- Greg Grunberg as Eric Weiss
- First appearance: "Truth Be Told" (episode 1.01)
- Last appearance: "S.O.S." (episode 5.10)
- Portrayed by: Greg Grunberg

In-universe information
- Alias: Retriever
- Gender: Male
- Title: Agent Eric Weiss
- Occupation: NSC Covert Operations Coordinator APO field agent CIA field agent
- Relatives: Unnamed brother (Mentioned in 3.06)
- Nationality: American

= Eric Weiss =

Eric Weiss is a fictional character, played by Greg Grunberg, from the television series Alias. He is one of Sydney Bristow's CIA co-workers.

==Character biography==
Eric Weiss was a field agent at the CIA. He is a friend of most of the people at the CIA and often gives advice to the other characters, as an outside observer to all of the personal goings-on at the CIA. Weiss has a wry and sarcastic sense of humor which often comes out in his observations. He often walks into or defuses tense situations between Sydney and Vaughn. He is a descendant of Harry Houdini (whose real name was Ehrich Weiss [or Weisz]).

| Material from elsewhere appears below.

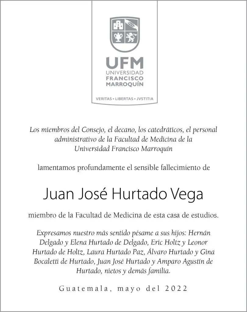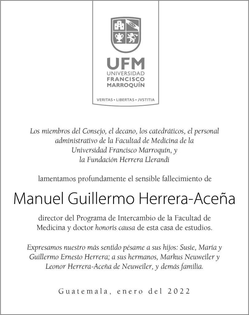 Los miembros del Consejo, el decano, los catedráticos, el personal administrativo de la Facultad de Medicina de la Universidad Francisco Marroquín, y la Fundación Herrera Llerandi lamentamos profundamente el sensible fallecimiento de Manuel Guillermo Herrera-Aceña
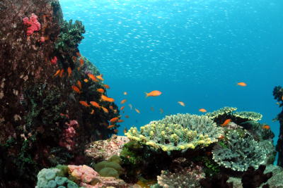| サンゴのまわりにはお魚が群れ群れ(^_-) ブルーの海に キンギョハナダイのオレンジがとってもキレイ!! |

He initially served as a humorous foil and sounding board for Michael Vaughn in the first season, but with the integration of the former members of SD-6 and the CIA, he gives advice to many of the other characters, including Sydney and Marshall Flinkman.

When Marshall's fiancée, Carrie Bowman, went into labor at CIA headquarters, she insisted on being married before the baby was born. Marshall quickly accessed the website for the dubious "Internet Church of Mammals" and obtained for Weiss the post of "Exalted Minister", which allowed him to officiate at the impromptu wedding.

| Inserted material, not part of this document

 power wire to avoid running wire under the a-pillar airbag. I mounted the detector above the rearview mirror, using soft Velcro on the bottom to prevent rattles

Weiss has played ice hockey in goal against Vaughn but really seems to like bowling (4.05 Liberty Village) because of the cheesy disco music, glow in the dark pins and all you can eat hot dogs after ten. He loves food, Sydney once commented the looked great and he said he'd given up all the food he enjoyed.

Weiss was the only member of Sydney's CIA "family" who wasn't recruited into the black-ops division of the CIA, dubbed "APO," at the start of the fourth season, but this was soon rectified when he learned of the existence of APO during a mission in the third episode of the season.

Although there was the potential of a relationship beginning with Sydney Bristow during the third season, nothing developed. They were just good friends, Weiss gave Sydney a third edition Alice in Wonderland to try to make up for the loss of all her stuff in her apartment fire at the end of the second season. At the start of the fourth season, Weiss began a relationship with Sydney's half-sister, Nadia Santos. In the second episode of season 4, upon meeting Nadia for the first time, he introduced himself as 38 and single.

In the second episode of the fifth season: "...1..." Eric Weiss was offered a job coordinating covert operations for the NSC, which was only a "few steps from the President"; at the end of the episode Weiss accepted the promotion and left the series. The character returned one final time in "S.O.S." when he used his high ranking position to extract a team of APO agents who had infiltrated CIA headquarters in Langley, Virginia.

In one episode he is heard speaking Dutch while on the telephone. He also speaks Spanish, French, and Russian but not as well as other field agents.